A single server, today, can handle an amazing amount of traffic. But sooner or later most organizations figure out that they need more and talk about choosing between horizontal and vertical scaling. If you work for such an organization and also happen to manage networking devices, you might find a couple of loadbalancers on your desk one day along with a yellow sticky note with a deadline on it.

Loadbalancers, by definition, are supposed to solve performance bottlenecks by distributing or balancing load between different components its managing. Though you would normally find loadbalancers in front of a webserver, a lot of different individuals have found other interesting ways of using it. For example I know some organizations have so much network traffic that they can't use just one sniffer or firewall to do their job. They ended up using some high end loadbalancers to intelligently loadbalance network traffic through multiple sniffers/firewalls attached to them. These are rare, so don't worry about it.

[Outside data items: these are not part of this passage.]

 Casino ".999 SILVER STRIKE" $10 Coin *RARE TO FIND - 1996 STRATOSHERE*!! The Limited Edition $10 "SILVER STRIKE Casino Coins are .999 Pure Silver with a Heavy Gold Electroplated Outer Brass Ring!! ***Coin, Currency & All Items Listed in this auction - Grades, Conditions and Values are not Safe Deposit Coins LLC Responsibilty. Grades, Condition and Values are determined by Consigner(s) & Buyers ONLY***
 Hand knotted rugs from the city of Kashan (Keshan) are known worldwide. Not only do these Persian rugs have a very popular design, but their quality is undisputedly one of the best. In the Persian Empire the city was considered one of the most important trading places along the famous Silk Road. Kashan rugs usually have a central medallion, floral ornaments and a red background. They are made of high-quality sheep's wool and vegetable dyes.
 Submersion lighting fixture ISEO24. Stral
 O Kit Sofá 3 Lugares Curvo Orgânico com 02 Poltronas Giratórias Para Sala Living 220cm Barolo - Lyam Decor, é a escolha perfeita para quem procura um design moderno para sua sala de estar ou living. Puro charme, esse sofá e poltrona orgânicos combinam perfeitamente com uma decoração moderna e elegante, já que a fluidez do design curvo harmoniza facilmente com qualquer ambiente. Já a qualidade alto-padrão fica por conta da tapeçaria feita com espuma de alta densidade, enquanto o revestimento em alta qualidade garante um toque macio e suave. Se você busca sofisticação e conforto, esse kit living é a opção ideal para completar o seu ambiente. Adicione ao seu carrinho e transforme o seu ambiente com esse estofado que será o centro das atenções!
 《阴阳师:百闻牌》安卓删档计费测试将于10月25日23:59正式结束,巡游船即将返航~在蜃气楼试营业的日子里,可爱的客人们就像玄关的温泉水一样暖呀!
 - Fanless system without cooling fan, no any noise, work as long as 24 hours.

But in general, if you are having a web scalability issue, you would probably start looking at hardware solutions first. And if you do, here are my recommendation on questions you need to ask before you investigate how to set it up.

  • Is the loadbalancer really needed ?

    • Identify the bottlenecks in the system. Adding webservers/appservers will not solve the problem if database is the bottleneck.

      • BTW, If you can replicate read only database to multiple servers, you might be able to use a loadbalancer to balance that traffic...

    • If most of the traffic is due to static content, investigate apache's ability to set better cachable headers. Or use a CDN(Content distribution network) like akamai/limelight to offload cachable objects.

    • DNS and SMTP are examples of protocols which are designed to be automatically loadbalanced. If an SMTP server fails to respond, the DNS protocol will help an SMTP client to find alternative SMTP servers for a destination. If your organization has controls over the protocol they are using, they should investigate the possibility of using DNS as the loadbalancing mechanism.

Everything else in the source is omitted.